Function Consistency

  1. I notice that some functions explicitly use the return keyword, while others just call the returned object. Consider keeping this consistent between functions for a more professional feel to your code.

  2. I notice that although the roxygen2 style is followed in general, the content of the docstrings are slightly inconsistent. Specifically, some @params will list the object and it's type, while others will list the object along with a brief explanation of the object. Consider keeping this consistent between functions for a more professional feel to your code.

  3. Whilst reading through your docstrings, I made small edits that you may or may not want to implement. The 3 things that I did were:

    • Added a whitespace after every roxygen2 comment (ie #')
    • Removed accidental double comments (ie. #' #')
    • reference dataframe objects in a more consistent manner (ie changed data.frame -> dataframe)

You can find my suggested changes here in a PR.

Overall great work. I look forward to hearing from you.

ttimbers commented 3 years ago

So nice of you to open a PR to send your suggested changes @nphaterp!

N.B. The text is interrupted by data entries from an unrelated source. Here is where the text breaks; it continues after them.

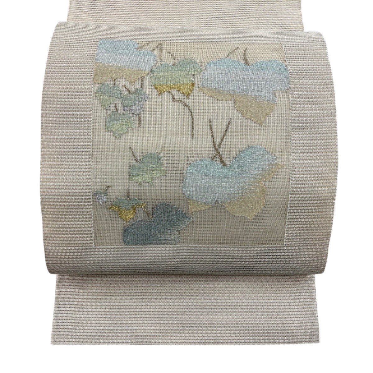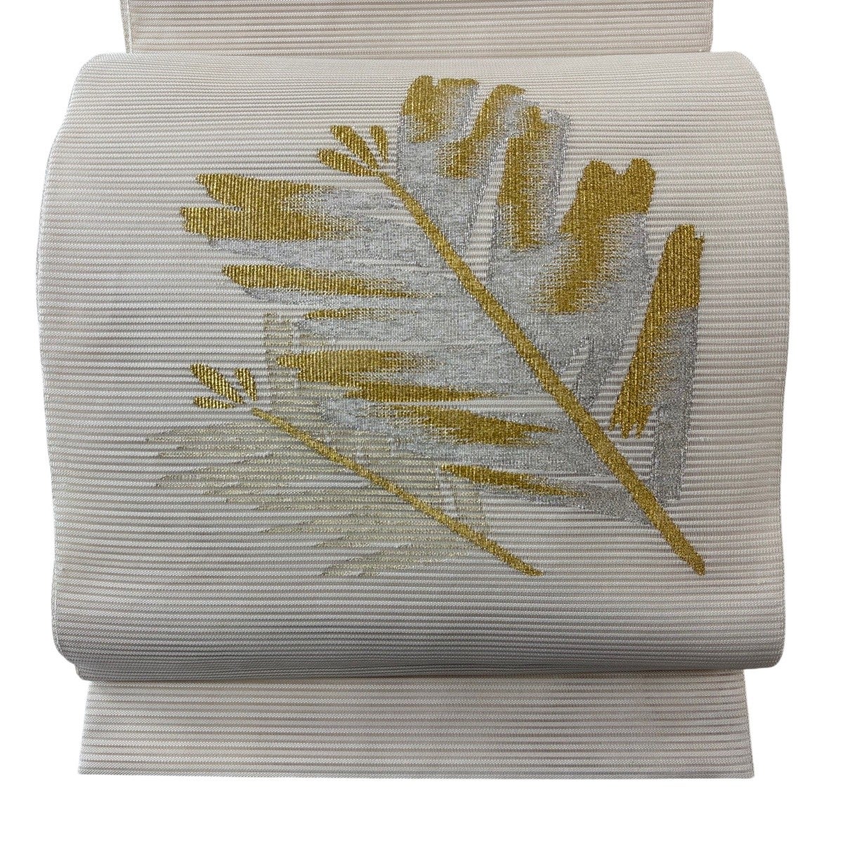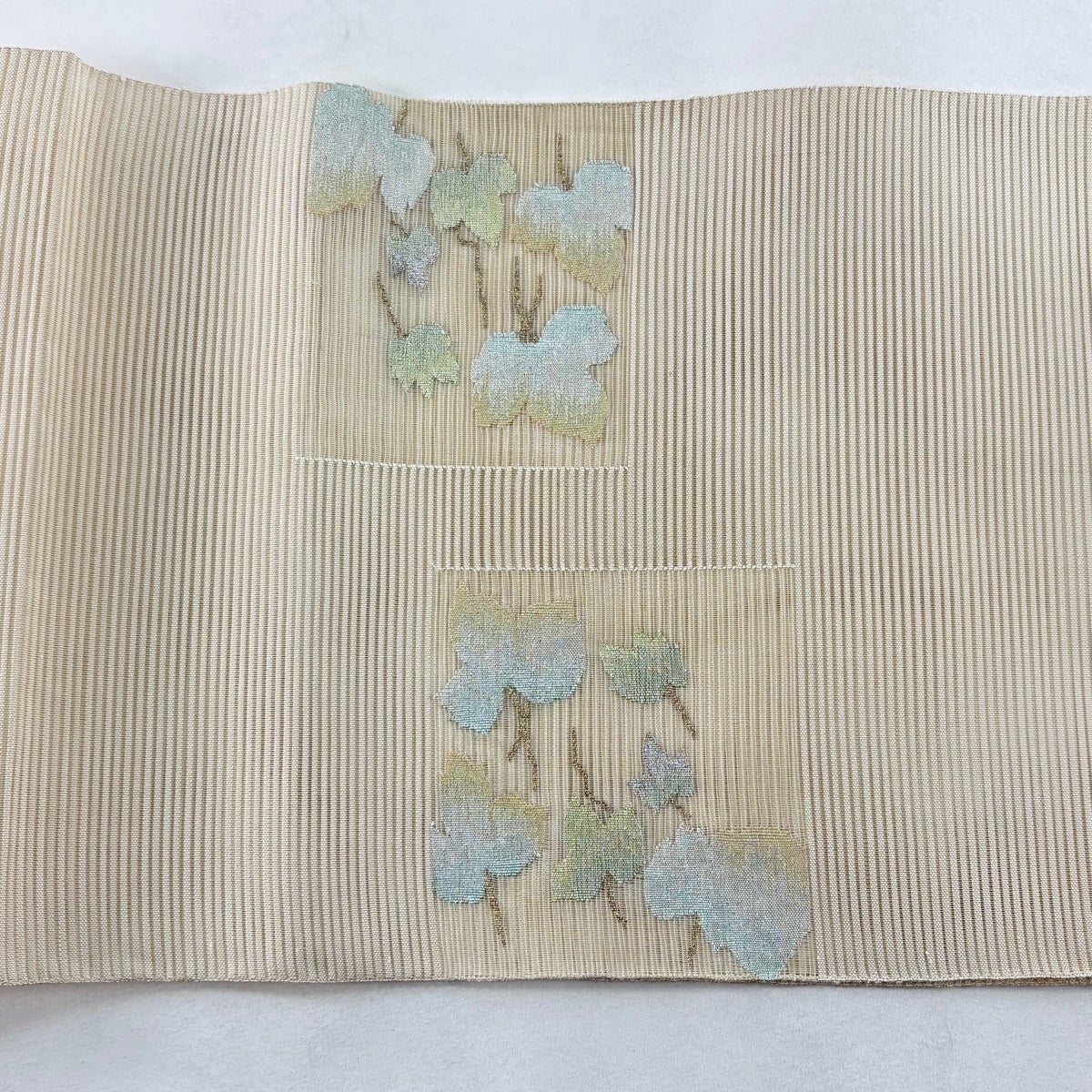 【美品】 袋帯 秀品 夏帯 葉柄 花 金銀糸 クリーム お太鼓柄 正絹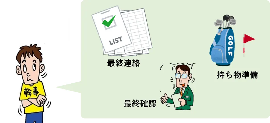 コンペ当日が近づいてきた幹事さんへ。ゴルフコンペの1週間前~前日にかけて幹事さんがやっておく仕事は、①参加者への最終案内 ②ゴルフ場への連絡 ③緊急事態の想定 ④持ち物準備 の4つです。これらを行っておけば、当日のトラブルを防ぎ、スムーズにゴルフコンペを進行することができます。具体的にやるべきことや注意点を分かりやすく解説します。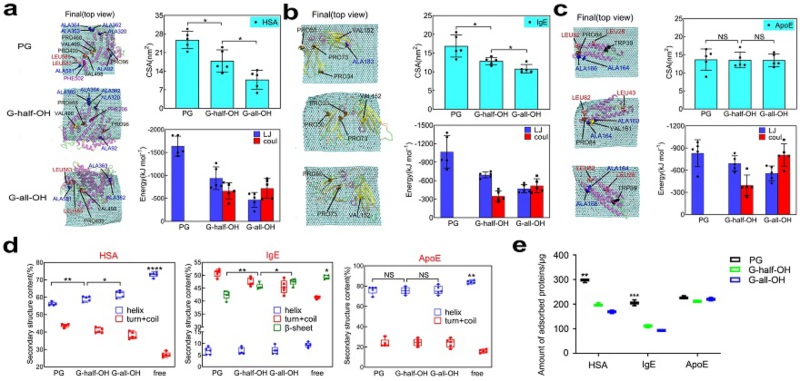 图1. 不同表面修饰石墨烯与三种血浆蛋白相互作用的全原子模拟和体外实验结果。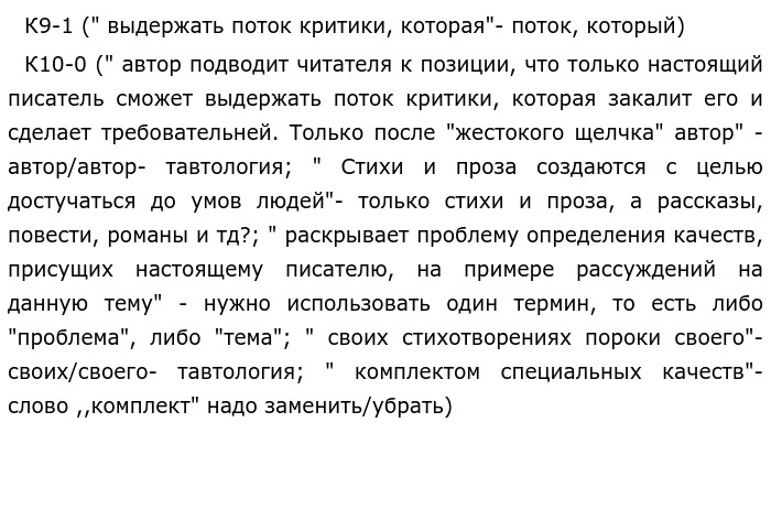 Проблема определения качеств, присущих настоящему писателю (ЕГЭ по русскому)Оценка эксперта внизу Как писатели создают произведения? Через что они проходят, чем жертвуют ради этого? Ответы на эти вопросы можно найти в тексте В. Вересаева. В предложенном для анализа тексте писатель раскрывает проблему определения качеств, присущих настоящему писателю, на примере рассуждений на данную тему. В. Вересаев акцентирует внимание читателя на том, что "Писатель должен не наблюдать жизнь, а жить в жизни, наблюдая её не снаружи, а изнутри", то есть живо чувствовать все проблемы общества, искать пути их решения. Этот пример доказывает то, что многие поэты и писатели разных времён обличали в своих стихотворениях пороки своего времени, "доставая" их из общества. Кроме того, автор текста обращает внимание на то, что писательство не должно быть первостепенным делом в жизни человека: "Нужно в жизни жить, работать — инженером, врачом, педагогом, рабочим". Аргументирует он это тем, что лучше писать "немного, но полноценно". С помощью этого примера В. Вересаев показывает, что хороший писатель должен писать качественно, при наличии сильного желания создать что-либо стоящее, а не брать количеством. Оба примера, дополняя друг друга, ясно дают понять, что автор текста выделяет в группу писателей тех людей, которые обладают особым набором качеств. Также автор подводит читателя к позиции, что только настоящий писатель сможет выдержать поток критики, которая закалит его и сделает требовательней. Только после "жестокого щелчка" автор сможет писать по-настоящему сильные произведения. С авторской позицией нельзя не согласиться. Стихи и проза создаются с целью достучаться до умов людей. Только по-настоящему серьёзные произведения смогут достичь этого. Вспомним призыв божьего гласа к лирическому герою стихотворения А. С. Пушкина "Пророк": "Восстань, пророк, и виждь, и внемли... Глаголом жги сердца людей". Пророк, то есть писатель, обладает даром доносить важные слова до народа. Таким образом, истинный писатель должен иметь особые способности вместе с комплектом специальных качеств, чтобы создавать по-настоящему великие произведения. Обновлено: Опубликовал(а): Ekspert Внимание! Спасибо за внимание. Полезный материал по теме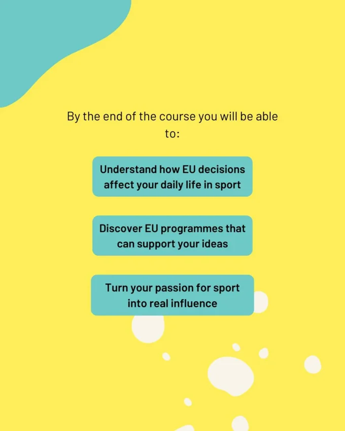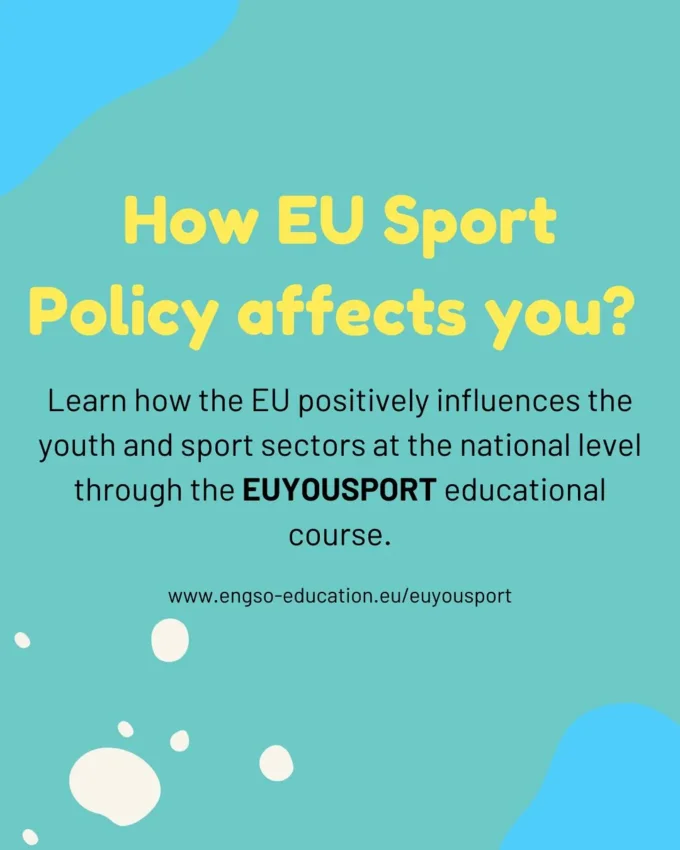 To support this objective, the EUYouSport project has developed a dedicated online educational course designed for: young people engaged in sport; volunteers and youth representatives; and staff and stakeholders within sport organisations.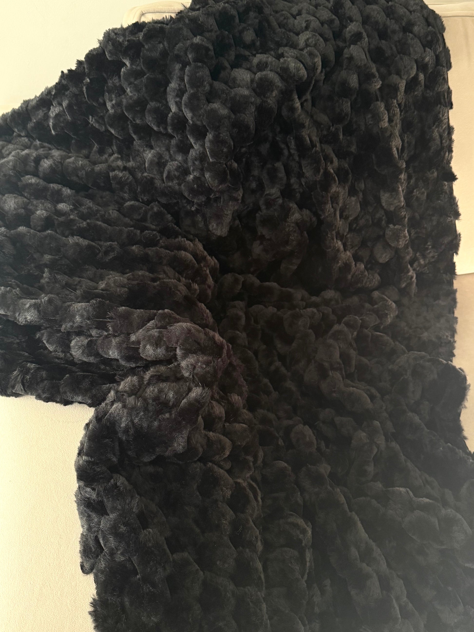 Introducing the Koochikoo black faux fur throw, by Paul Moneypenny, a luxurious addition to any living space. Its sculpted design in faux rabbit fur adds a touch of elegance and comfort to your home. With its soft and cosy feel, this throw is the perfect companion for chilly nights.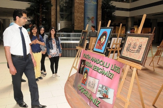 Batman Fatih Anadolu Lisesi'nde düzenlenen resim sergisi, 55 eserden oluşuyor. Batman Park AVM'de gerçekleştirilen sergide, yağlı boya, kara kalem, sulu boya, ebru üzerine hat çalışmaları, boncuk ve filografi çalışmaları yer aldı. Sergi, gün boyunca ziyaretçilerin ilgisine açık tutuldu. Milli Eğitim Müdürü Mehmet Çelik, sergiyi ziyaret ederek eserleri inceledi ve öğretmenler ile öğrencilerden bilgi aldı. Okul müdürü Cengiz Haşimoğlu, serginin hazırlanmasında emeği geçen öğretmen ve öğrencilerle birlikte halkın beğenisine sunulan eserleri tanıttı. Çelik, sosyal etkinliklerin öğrencilerin gelişiminde önemli bir rol oynadığını belirterek, bu tür çalışmaların özgüven geliştirmeye yardımcı olduğunu vurguladı. Öğrencilerin yıl boyunca görsel sanatlar dersinde hazırladığı eserlerin sergiye yansıdığını ifade eden Çelik, emeği geçen herkese teşekkür etti.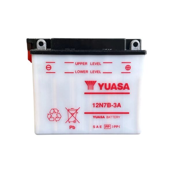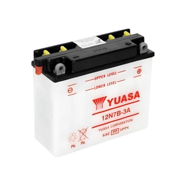 La Batería Yuasa 12N7B-3A 12V y 7Ah diseñada para motocicletas. Ofrece un arranque seguro y fiable en cualquier condición, incluso en frío o con el motor ahogado.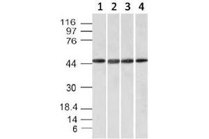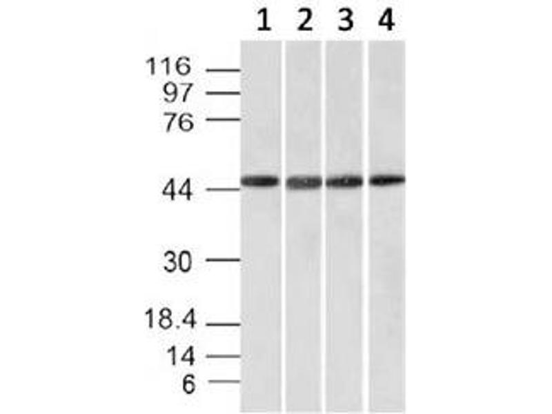 - A recombinant fragment (203 amino acid residues between aa 1-250) from the human protein was used as the immunogen for the EMI1 antibody.
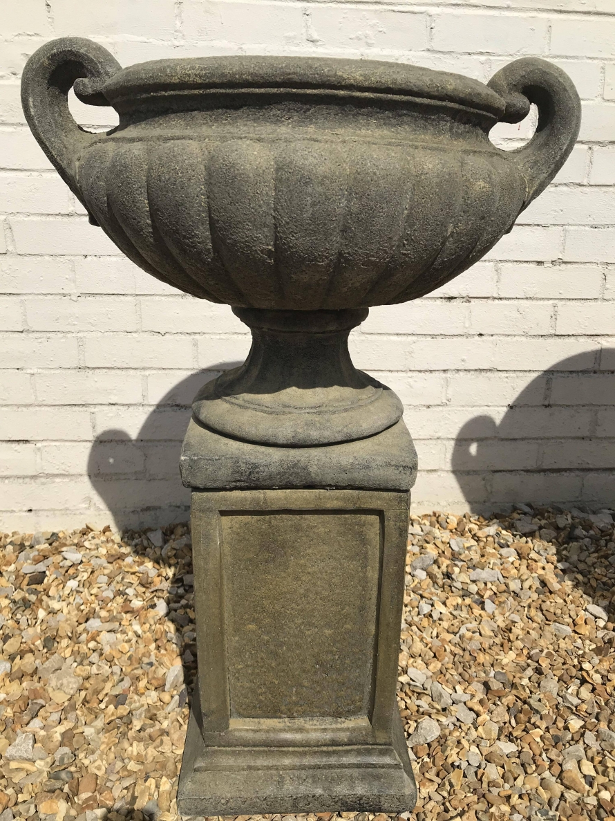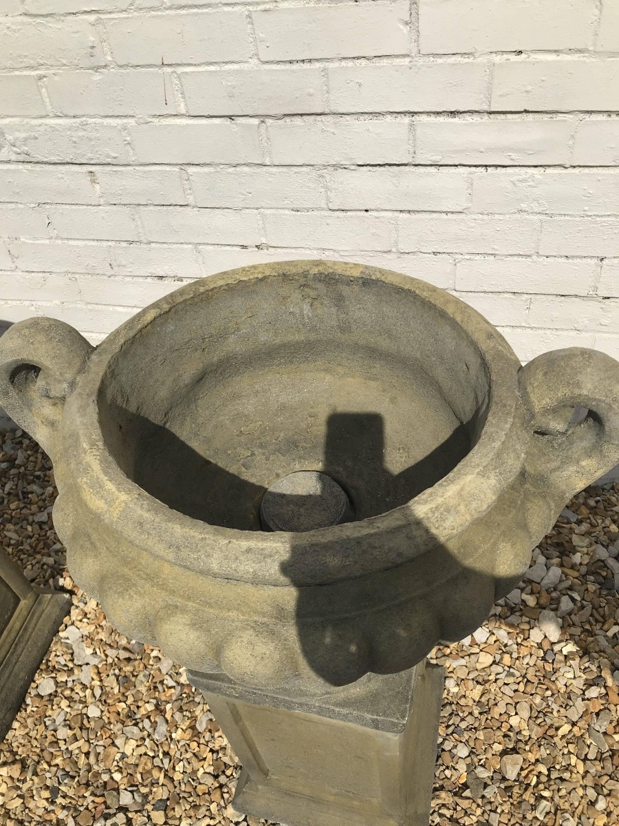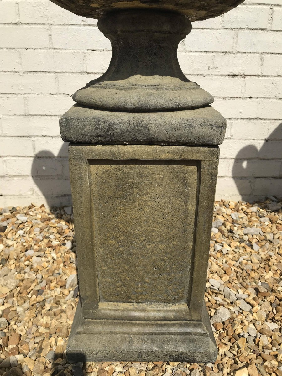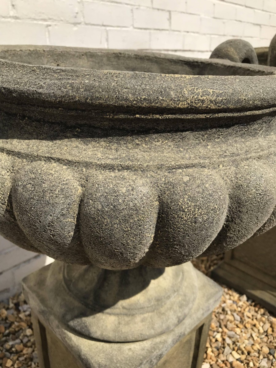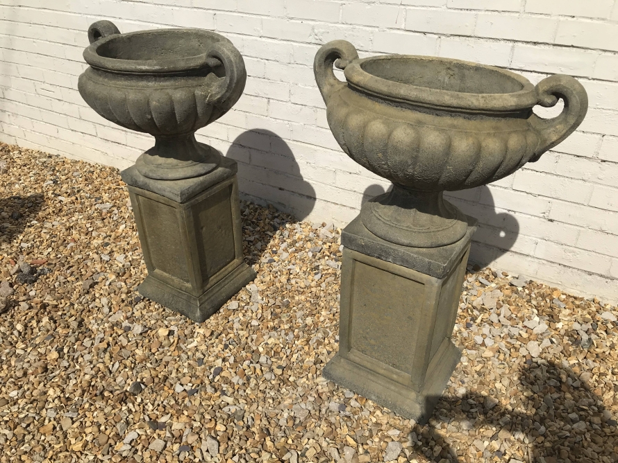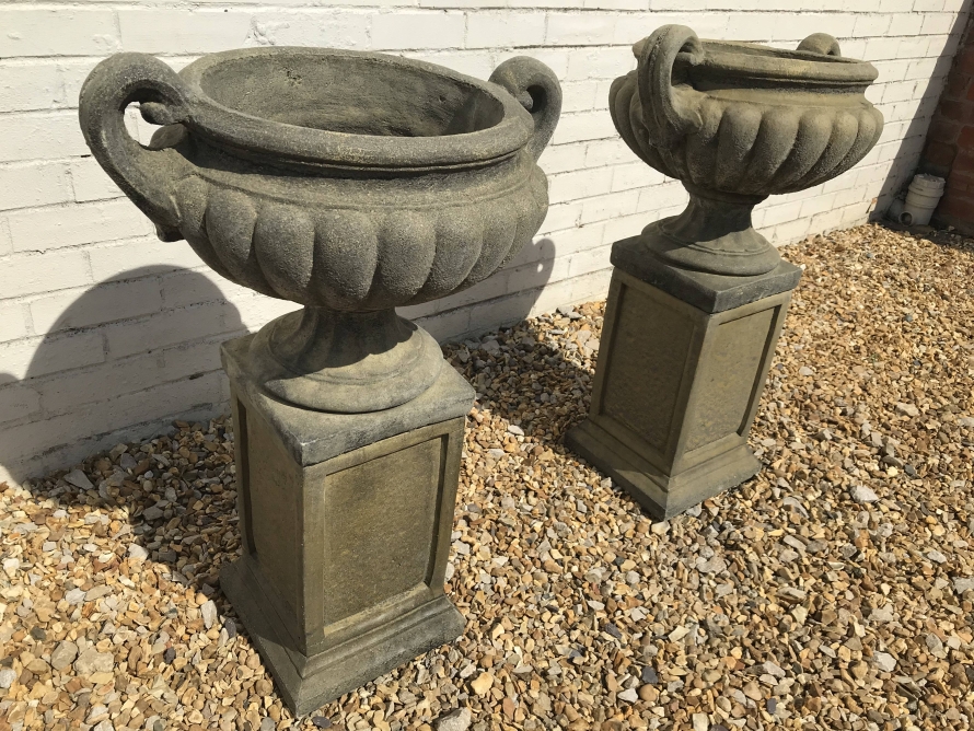 A Pair of West Country Stone Victorian Urns – handmade in Devon, England. Made from locally sourced West Country stone.
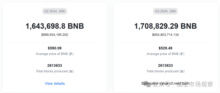 例如本月 BNB 基金会就发布公告称,已完成第 28 次 BNB 季度销毁,本次共销毁约 164.3 万枚 BNB,价值约 9.7 亿美元。

MarcSunUBC commented 3 years ago

Package Review

Please check off boxes as applicable, and elaborate in comments below. Your review is not limited to these topics, as described in the reviewer guide

Documentation

The package includes all the following forms of documentation:

For packages co-submitting to JOSS

The package contains a paper.md matching JOSS's requirements with:

  • [ ] A short summary describing the high-level functionality of the software
  • [ ] Authors: A list of authors with their affiliations
  • [ ] A statement of need clearly stating problems the software is designed to solve and its target audience.
  • [ ] References: with DOIs for all those that have one (e.g. papers, datasets, software).

Functionality

Estimated hours spent reviewing: 1


Review Comments

  1. The vignette document is very clear and easy to follow.
  2. I really liked your project idea, this package would be very helpful for people who aim to train their machine learning models for language processing problems!
  3. Would it be possible to achieve data scraping just as a twitter guest(without using a developer account) or automate the creating account process?
  4. For the clean_df function, exception is handled for the raw_tweets_df, consider exception handling for other parameters?
  5. In the docstrings, I struggled a little trying to understand the parameters, it would probably be more helpful to have more description about them.